Lucky for you it's not rusty.


----------



## 12Stones (Nov 13, 2011)

That was so classic and hard to find. Lucky for you to have it as a collection...


----------



## bobcycles (Nov 13, 2011)

*bike*

You have a 1937 Motorbike!  The big dollar parts are missing (naturally as luck always has it) tank, fenders, rack, light etc.  Expect to pay 500+ for a decent tank, 200+ for a carrier, 200+ for fenders....100 plus for a Silver Ray light.  Chainguard is aftermarket as well, you need a one year only Hockey stick guard, a tough find for the 37 bike.  Neat old bike.
I have some of the missing parts if you really want to embark on the gathering.
The other option... as is....bike is worth maybe 5-600 range .... frame, fork and front brake value....plus misc parts.  You could turn that "gold" into "cash".


----------



## bud poe (Nov 14, 2011)

Thanks for the info, not ready to drop big money on it at this point.  I'll probably just sit it in the corner and hope for a miracle, like finding a matching paint/patina tank at a flea market for $12.00 (yeah right!)....
Just out of curiosity, let's say I wanted to "invest" a grand or so in parts for this thing.  Without a restoration, i.e. chrome, paint, etc, what would I be left with value-wise with all the correct parts but un-restored?
It's a great bike and I'm so stoked to have gotten it after 30 years in the woodshed, that's the thing that keeps me interested in the hobby, that feeling of rescuing this once treasured, since forgotten relic.  Now it will make it's way back into someones life in one way or another....


----------



## krankrate (Nov 14, 2011)

*date codes*

I've had good luck at this site for date coding!http://johnsvintagebikes.com/dating/Schwinn_date_codes.pdf


----------



## J_Westy (Nov 14, 2011)

The front drum brake looks extra big... like a 60's/70's Union off of a town and country tandem? What is it?


----------



## bud poe (Nov 14, 2011)

I'll post close-ups of the front brake but this bike looks to have been un-touched other than the missing parts.  Schwinn experts feel free to chime in on the brake and other aspects of the bike...
Thanks!


----------



## Boris (Nov 14, 2011)

The price was right. It tried to tempt me, but I resisted. I'm glad you got it.


----------



## ejoel (Nov 14, 2011)

Dave Marko said:


> The price was right. It tried to tempt me, but I resisted. I'm glad you got it.
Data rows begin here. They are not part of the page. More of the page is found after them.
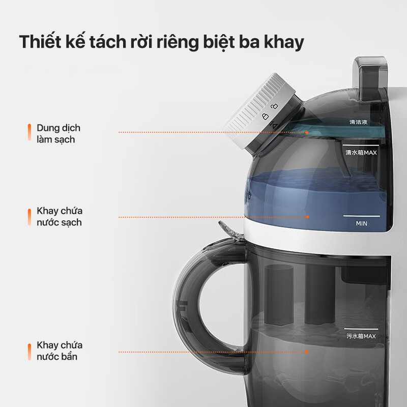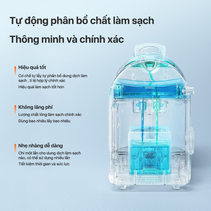 Với công nghệ tự làm sạch đã được cấp bằng sáng chế, chổi và vòi sẽ tự động được làm sạch bằng nước được nạp sẵn trong ngăn chứa nước sạch. Nói lời tạm biệt với sự sinh sản của vi khuẩn, mùi hôi và bảo trì mệt mỏi chỉ bằng một nút bấm
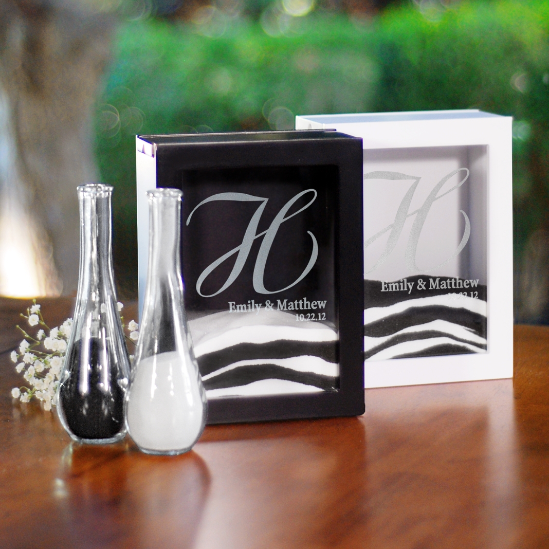 An unmatched trend in wedding day alternatives, our Unity Sand Ceremony Shadow Box Sets are as sleek as they are refined. In addition to being a testament of your union, this unique set also makes a wonderful decoration for your bedroom or living area after the wedding day is done. Features a large shadow box, personalized glass insert, and two pouring vases. For best result we recommend putting sand in the shadow box before use. Vases are not meant to fill entire box. We personalize the sand ceremony shadow box with a single initial, two first names, up to 12 characters each and a numeric date. Choose from black or white. Shadow box measures 8"H x 6"W x 3"D. Holds up to 80 oz. Two pouring vases measure 7" tall by 2.1875" dia. Holds up to 5.6 oz. Made of glass and wood. Sand is not included.
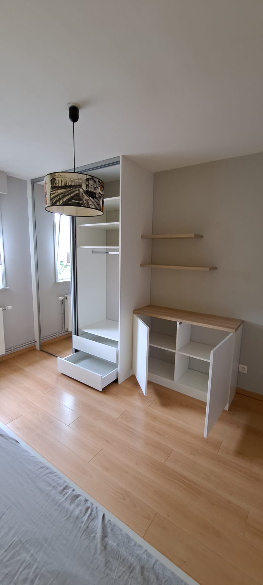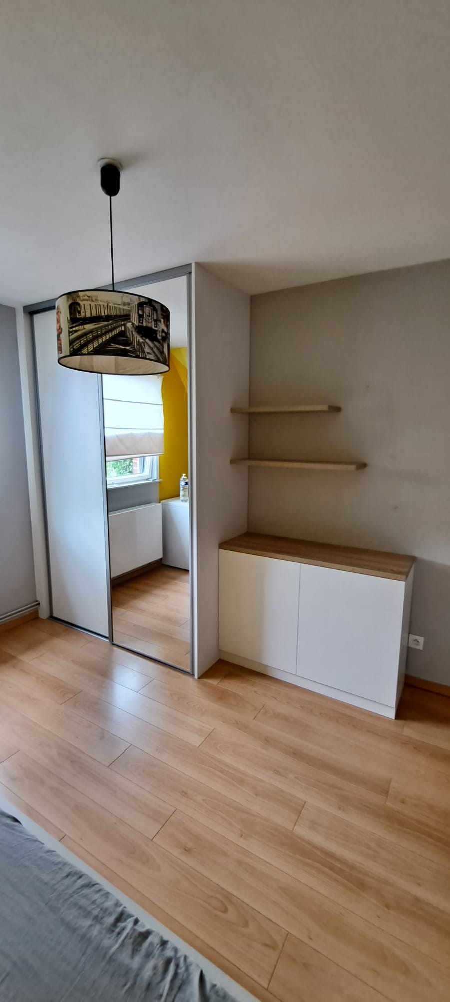 Nous avons installé ce magnifique dressing sur-mesure dans une chambre de fille à Hem. Ce projet comprend le placard à double porte avec le miroir, les deux étagères en coin ainsi que le meuble de rangement deux portes.
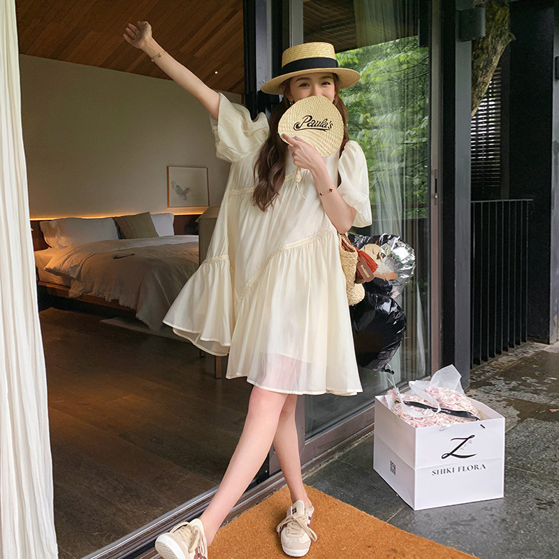 法式小个子白色短袖连衣裙子女装新款夏季初恋清纯奶甜短裙
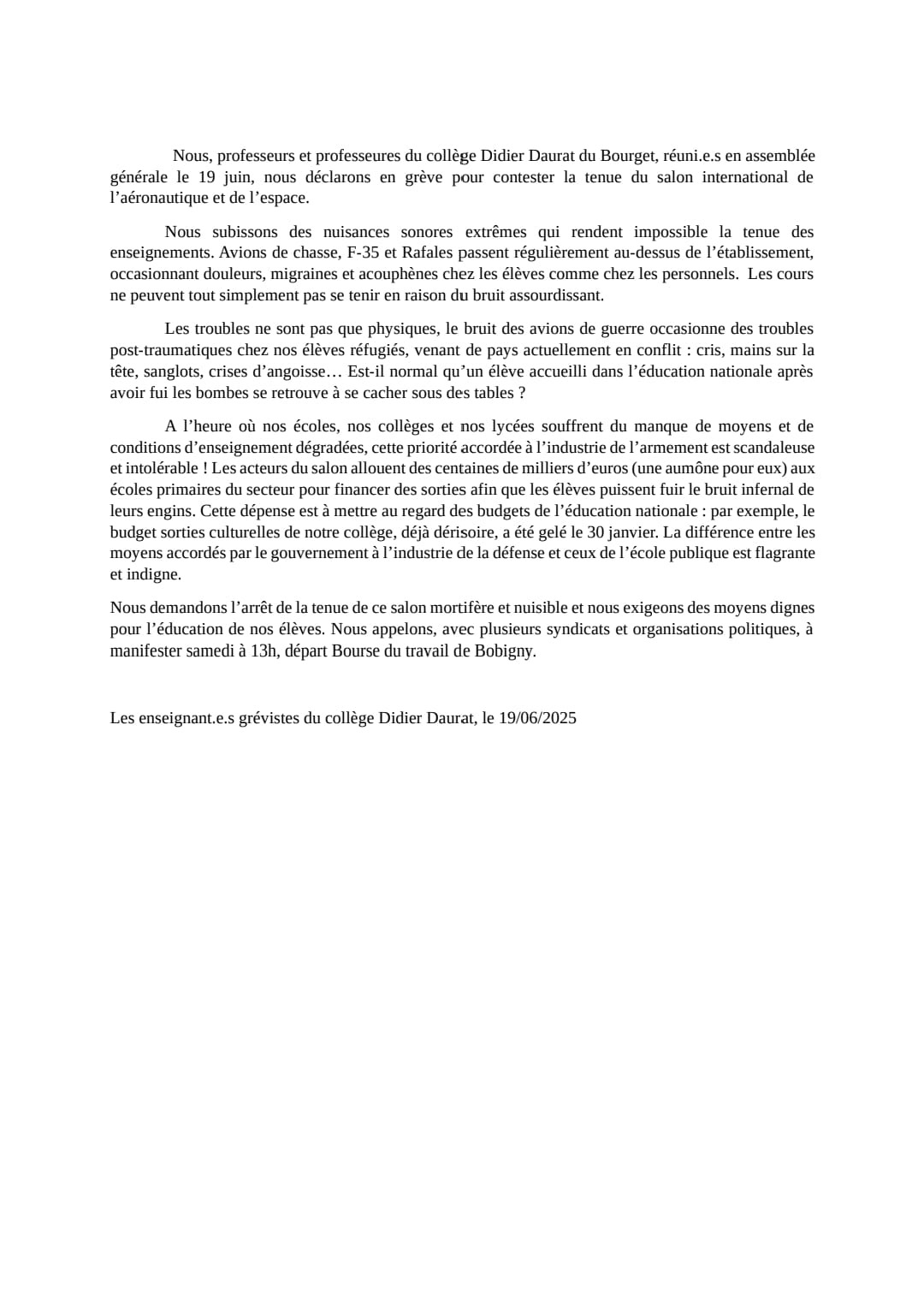Vous êtes ici : Accueil actu des établissements Seine-Saint-Denis Le collège Didier Daurat (Le Bourget) s’oppose au salon du Bourget 20 juin 2025 actu des établissements Le collège Didier Daurat (Le Bourget) s’oppose au salon du Bourget

seen the listing also . but being 100 miles away i knew it wasn't going to be , great deal , great bike


----------



## bud poe (Nov 15, 2011)

ejoel said:


> seen the listing also . but being 100 miles away i knew it wasn't going to be , great deal , great bike




Thanks guys, yeah I don't like to pay too much but I figured this one was worth a shot... Course it'll cost me an arm and a leg to "complete" it but oh well, I had to have at least one classic Schwinn ballooner in my stable, and this was one I could afford...


----------



## J_Westy (Nov 15, 2011)

You could make a clunker / klunker out of it while you accumulate parts?

http://clunkers.net/


----------



## bud poe (Nov 16, 2011)

Cool ride!  I think I'll leave mine as-is.  Saw Klunkers and loved it, but it made me cringe thinking of all the tanks, fenders and racks those guys tossed...


----------



## redline1968 (Nov 16, 2011)

cool bike bud.. im jealous   are you going to the lucky lab on sunday if the weather is good?  me and my wife are. see you there right?


----------



## Larmo63 (Nov 16, 2011)

I'd have bought it too. 

I would closet that thing and collect the stuff missing. Undercover. 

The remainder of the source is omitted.